I would say Sativas or Sativa dominate hybrids are your best bet.


----------



## Hackerman (Mar 22, 2016)

bud88 said:


> So possibly your mindset and company has a lot to do with the giggles....



Yeah, I can agree with that one. I used to giggle all the time before I was married. Even on crumby brick weed and home grown.

Then, the giant red headed, fire breathing dragon stole my soul, shattered my dreams and crushed my heart and I notice I don't giggle all that much any more. 

Maybe I'll try some of that LA Confidential. 

LOL


----------



## Hushpuppy (Mar 22, 2016)

Hillary Clinton smoked with you?:huh:


----------



## WeedHopper (Mar 22, 2016)

:smoke1:


----------



## Hackerman (Mar 23, 2016)

Hushpuppy said:


> Hillary Clinton smoked with you?:huh:



Never smoked with Hillary but I did meet her well over a dozen times when Bill was in office. Even sat at a table with her at a luncheon once or twice. She wasn't really into politics than but you could tell that she was gearing up for it. I have been smoking pot for almost half a century and after that long you can come to tell who is a fellow smoker and who is not. And, I'll bet you a million dollars to a penny that Hillary was a pot smoker when she was the age.
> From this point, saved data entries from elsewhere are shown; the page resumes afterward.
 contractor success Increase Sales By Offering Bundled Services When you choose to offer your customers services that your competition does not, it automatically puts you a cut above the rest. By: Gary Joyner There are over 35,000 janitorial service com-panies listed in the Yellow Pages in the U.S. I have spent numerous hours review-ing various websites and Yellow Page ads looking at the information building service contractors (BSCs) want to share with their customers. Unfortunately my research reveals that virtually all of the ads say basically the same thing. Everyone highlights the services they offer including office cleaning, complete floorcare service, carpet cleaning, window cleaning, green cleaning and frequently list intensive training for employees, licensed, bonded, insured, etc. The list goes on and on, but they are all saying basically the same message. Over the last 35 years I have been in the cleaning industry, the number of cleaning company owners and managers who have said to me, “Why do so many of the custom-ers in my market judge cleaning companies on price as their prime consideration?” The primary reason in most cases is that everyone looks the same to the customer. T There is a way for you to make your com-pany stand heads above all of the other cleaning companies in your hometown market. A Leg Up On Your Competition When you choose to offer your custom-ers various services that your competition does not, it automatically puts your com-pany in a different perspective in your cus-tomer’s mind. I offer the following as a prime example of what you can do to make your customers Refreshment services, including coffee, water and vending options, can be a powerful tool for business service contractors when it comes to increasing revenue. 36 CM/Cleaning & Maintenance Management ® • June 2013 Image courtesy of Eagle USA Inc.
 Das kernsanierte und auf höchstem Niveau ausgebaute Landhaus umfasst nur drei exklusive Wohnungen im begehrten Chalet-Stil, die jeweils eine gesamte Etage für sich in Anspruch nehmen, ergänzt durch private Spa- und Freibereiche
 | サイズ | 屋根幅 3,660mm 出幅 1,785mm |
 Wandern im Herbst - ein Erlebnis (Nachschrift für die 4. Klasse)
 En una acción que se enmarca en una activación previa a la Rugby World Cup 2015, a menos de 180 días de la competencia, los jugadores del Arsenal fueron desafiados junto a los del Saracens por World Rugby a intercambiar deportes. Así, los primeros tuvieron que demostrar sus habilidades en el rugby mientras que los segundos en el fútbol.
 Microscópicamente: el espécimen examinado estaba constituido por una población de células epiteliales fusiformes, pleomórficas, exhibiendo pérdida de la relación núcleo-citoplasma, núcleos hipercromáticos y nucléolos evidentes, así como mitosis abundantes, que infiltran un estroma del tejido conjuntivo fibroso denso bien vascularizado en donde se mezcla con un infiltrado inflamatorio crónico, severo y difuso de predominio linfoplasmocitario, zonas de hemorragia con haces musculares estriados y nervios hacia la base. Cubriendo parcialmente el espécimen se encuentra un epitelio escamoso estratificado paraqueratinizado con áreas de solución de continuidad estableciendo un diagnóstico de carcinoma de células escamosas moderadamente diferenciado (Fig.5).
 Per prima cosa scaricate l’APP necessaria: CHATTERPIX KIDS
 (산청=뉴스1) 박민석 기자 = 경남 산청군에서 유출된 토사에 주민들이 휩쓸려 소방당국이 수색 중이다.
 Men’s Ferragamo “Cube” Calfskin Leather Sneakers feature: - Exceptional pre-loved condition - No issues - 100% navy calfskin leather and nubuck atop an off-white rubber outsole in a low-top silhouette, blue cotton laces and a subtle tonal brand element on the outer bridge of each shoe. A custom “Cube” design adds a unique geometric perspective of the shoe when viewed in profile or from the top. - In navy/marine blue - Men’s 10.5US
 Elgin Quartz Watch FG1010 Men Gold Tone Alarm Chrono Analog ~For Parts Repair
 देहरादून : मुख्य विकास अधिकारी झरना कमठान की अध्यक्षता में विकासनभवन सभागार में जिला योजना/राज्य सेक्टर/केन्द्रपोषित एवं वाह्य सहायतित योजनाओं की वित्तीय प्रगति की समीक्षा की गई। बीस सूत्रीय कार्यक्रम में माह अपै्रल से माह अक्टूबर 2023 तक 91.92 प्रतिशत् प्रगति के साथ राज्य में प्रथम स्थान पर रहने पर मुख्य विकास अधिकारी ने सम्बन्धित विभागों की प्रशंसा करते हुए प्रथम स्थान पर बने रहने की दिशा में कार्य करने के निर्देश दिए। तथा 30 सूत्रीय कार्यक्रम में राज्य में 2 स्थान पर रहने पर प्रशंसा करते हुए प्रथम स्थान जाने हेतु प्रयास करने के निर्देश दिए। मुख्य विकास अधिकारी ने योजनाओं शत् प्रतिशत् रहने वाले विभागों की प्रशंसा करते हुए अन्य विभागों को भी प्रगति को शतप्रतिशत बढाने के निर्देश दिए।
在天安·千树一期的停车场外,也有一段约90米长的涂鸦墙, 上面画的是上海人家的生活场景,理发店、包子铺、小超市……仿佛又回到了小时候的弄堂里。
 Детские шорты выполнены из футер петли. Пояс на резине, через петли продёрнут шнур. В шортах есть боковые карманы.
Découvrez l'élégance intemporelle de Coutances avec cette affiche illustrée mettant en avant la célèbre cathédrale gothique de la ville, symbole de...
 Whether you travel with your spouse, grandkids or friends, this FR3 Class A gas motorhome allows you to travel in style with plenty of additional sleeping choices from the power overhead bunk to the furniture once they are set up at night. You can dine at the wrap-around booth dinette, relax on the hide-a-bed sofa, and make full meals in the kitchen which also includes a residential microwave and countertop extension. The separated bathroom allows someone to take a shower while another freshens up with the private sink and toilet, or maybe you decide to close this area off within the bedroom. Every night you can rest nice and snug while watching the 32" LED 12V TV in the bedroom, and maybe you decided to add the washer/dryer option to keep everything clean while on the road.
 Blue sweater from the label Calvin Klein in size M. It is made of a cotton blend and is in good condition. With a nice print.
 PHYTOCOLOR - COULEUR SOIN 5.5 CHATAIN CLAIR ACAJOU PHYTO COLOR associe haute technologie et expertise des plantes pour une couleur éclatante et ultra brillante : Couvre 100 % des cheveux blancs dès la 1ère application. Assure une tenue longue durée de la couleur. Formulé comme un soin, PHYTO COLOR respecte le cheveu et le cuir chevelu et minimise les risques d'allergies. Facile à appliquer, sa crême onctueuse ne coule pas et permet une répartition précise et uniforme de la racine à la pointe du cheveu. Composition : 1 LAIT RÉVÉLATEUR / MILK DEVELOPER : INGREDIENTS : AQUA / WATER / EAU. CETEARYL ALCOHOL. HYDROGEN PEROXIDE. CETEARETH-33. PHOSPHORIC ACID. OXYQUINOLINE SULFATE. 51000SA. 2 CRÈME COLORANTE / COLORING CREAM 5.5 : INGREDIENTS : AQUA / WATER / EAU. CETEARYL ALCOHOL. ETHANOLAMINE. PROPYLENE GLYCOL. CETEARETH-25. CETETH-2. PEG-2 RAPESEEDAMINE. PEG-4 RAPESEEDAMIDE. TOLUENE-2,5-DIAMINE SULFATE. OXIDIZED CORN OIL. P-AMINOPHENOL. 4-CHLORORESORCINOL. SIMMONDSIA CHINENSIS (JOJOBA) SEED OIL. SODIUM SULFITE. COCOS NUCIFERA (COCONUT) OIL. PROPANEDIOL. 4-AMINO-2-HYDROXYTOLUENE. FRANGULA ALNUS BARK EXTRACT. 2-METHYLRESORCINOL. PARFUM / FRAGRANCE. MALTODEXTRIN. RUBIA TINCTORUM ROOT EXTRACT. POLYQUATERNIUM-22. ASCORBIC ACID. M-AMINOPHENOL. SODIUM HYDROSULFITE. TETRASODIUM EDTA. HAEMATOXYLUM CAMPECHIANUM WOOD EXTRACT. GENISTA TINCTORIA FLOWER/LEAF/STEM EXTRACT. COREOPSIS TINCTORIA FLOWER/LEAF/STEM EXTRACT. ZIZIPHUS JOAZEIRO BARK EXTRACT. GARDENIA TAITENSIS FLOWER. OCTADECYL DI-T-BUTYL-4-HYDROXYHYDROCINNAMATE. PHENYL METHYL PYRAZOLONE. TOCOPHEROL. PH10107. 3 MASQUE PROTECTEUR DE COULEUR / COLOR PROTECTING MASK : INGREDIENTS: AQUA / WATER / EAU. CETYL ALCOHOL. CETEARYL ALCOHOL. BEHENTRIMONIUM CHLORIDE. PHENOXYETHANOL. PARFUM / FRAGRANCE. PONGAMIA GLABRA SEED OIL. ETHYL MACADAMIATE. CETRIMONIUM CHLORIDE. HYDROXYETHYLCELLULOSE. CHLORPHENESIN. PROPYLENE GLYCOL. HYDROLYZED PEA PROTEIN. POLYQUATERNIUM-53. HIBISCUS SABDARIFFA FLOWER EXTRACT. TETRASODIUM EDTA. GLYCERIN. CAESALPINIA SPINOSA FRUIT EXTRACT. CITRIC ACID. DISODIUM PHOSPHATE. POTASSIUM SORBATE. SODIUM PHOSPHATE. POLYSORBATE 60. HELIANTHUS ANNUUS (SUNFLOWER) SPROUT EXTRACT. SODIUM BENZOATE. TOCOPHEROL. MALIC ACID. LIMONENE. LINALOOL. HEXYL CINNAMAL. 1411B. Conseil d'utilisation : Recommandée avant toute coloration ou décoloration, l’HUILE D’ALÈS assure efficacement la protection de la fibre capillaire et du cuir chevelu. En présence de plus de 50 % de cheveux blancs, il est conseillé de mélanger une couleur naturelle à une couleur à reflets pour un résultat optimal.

Hillary is actually a very very very intelligent person (from what little I could tell). However, I don't think she would make a good pres because she has a temper. You could see it rise every time you would say something she didn't agree with. I guess most people are like that but I don't like closed-minded people so that was a turn-off for me.

I'll bet Hillary was a giggler when she got high. LOL


----------



## Hushpuppy (Mar 23, 2016)

Lol, I bet she was a big ole fatty smoker  the bad thing though with most of these lawyers turned politicians (on both sides) is they think they know everything and most of them don't know ****. I find it so frustrating that there is no middle ground in this country anymore. I am a staunch moderate. I believe in freedom of religion and freedom of choice at the same time.:rant: But enough of that crap.:smoke1:


----------



## The3rdman (Aug 6, 2018)

I got some Bruce Banner and Laughing Buddha for my next grow hoping these would bring on the laughter. 

Anyone know if either of these strains will work for that purpose?


----------



## Locked (Aug 6, 2018)

I find it's usually hybrid strains that produce the laughter or Sativa leaning ones. The Indica leaning ones work better for sleep and pain in my opinion.


----------